• [What the task requires]: A single stretch of the material below is to be transcribed exactly, starting at the line with "金华市浦江县2020学年第二学期期末试卷八年级语文(人教版)" and ending after the line with "Oval Dangle Earrings".

• [Records for processing]:
--------
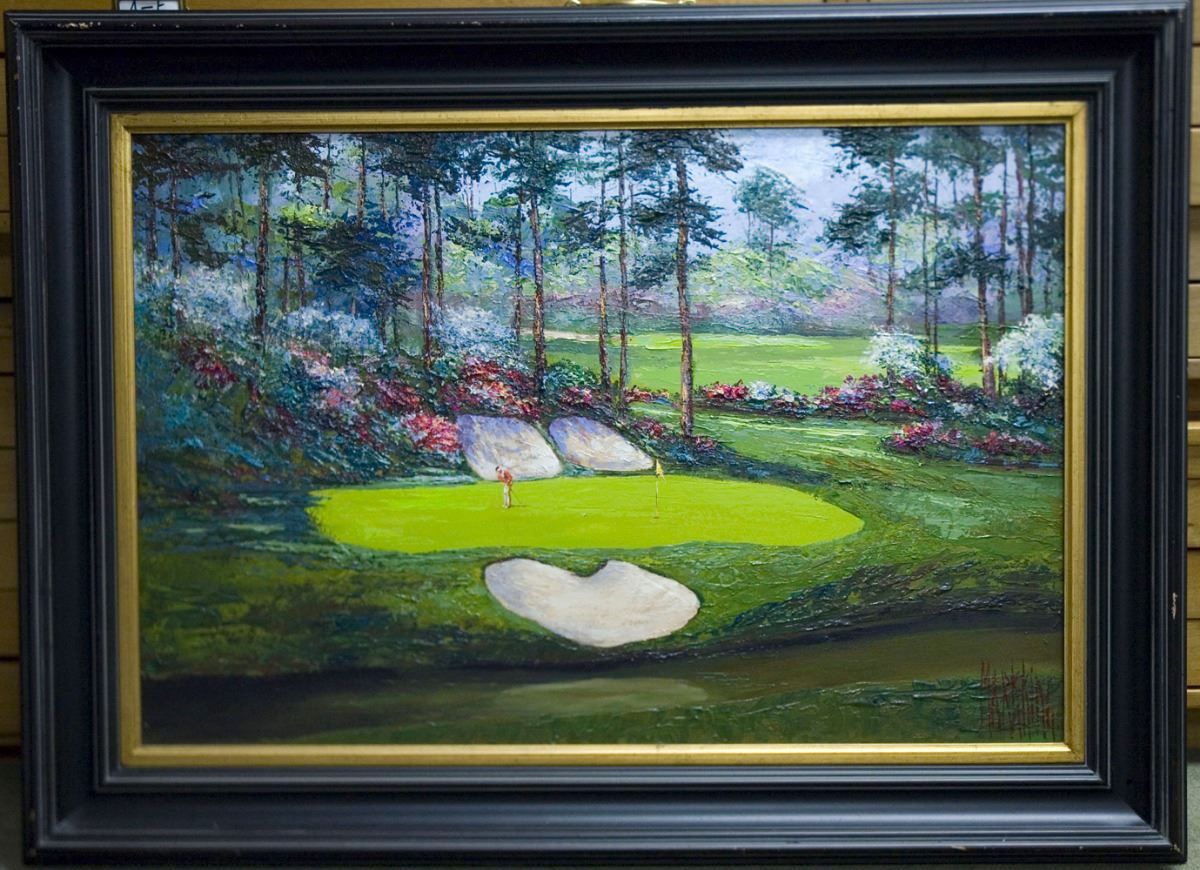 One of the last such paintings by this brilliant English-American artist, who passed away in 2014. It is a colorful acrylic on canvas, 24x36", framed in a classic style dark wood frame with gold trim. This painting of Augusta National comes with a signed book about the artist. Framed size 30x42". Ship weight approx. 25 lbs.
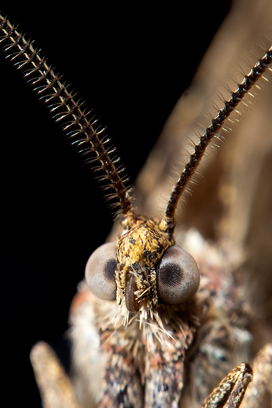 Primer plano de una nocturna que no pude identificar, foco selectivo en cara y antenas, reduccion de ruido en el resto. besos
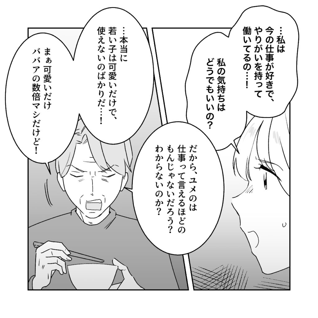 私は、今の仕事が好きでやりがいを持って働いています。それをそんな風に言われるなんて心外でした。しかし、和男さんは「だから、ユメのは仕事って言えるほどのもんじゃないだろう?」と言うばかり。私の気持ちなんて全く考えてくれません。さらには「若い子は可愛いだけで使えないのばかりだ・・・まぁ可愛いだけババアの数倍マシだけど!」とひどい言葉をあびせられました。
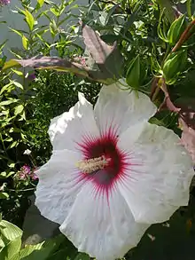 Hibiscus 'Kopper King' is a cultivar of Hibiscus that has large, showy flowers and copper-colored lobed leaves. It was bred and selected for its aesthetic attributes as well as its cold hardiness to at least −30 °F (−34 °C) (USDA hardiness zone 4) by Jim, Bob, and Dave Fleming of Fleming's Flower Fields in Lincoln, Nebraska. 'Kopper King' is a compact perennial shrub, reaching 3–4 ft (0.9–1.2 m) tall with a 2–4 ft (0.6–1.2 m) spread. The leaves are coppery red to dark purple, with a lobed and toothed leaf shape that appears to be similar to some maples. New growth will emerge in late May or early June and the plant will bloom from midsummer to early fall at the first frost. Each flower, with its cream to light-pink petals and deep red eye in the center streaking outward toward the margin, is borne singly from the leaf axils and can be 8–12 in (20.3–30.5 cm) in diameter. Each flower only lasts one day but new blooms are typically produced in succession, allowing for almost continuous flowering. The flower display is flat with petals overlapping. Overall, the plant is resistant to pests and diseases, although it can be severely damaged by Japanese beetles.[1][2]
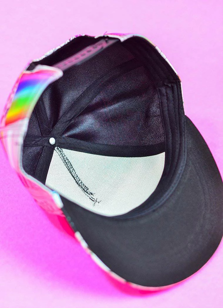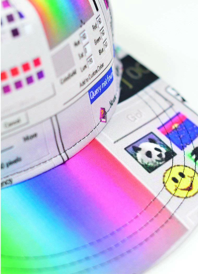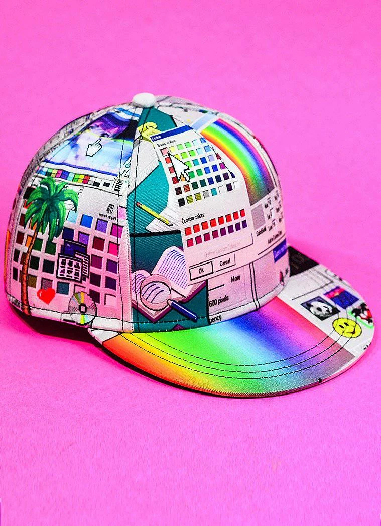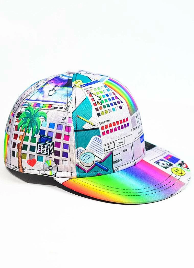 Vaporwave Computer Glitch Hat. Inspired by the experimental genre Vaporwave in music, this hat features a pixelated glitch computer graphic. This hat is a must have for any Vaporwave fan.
--------
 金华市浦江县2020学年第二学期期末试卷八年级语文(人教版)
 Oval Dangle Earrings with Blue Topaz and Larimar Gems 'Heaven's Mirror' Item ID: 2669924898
--------
• [Task output]:
 金华市浦江县2020学年第二学期期末试卷八年级语文(人教版)
 Oval Dangle Earrings with Blue Topaz and Larimar Gems 'Heaven's Mirror' Item ID: 2669924898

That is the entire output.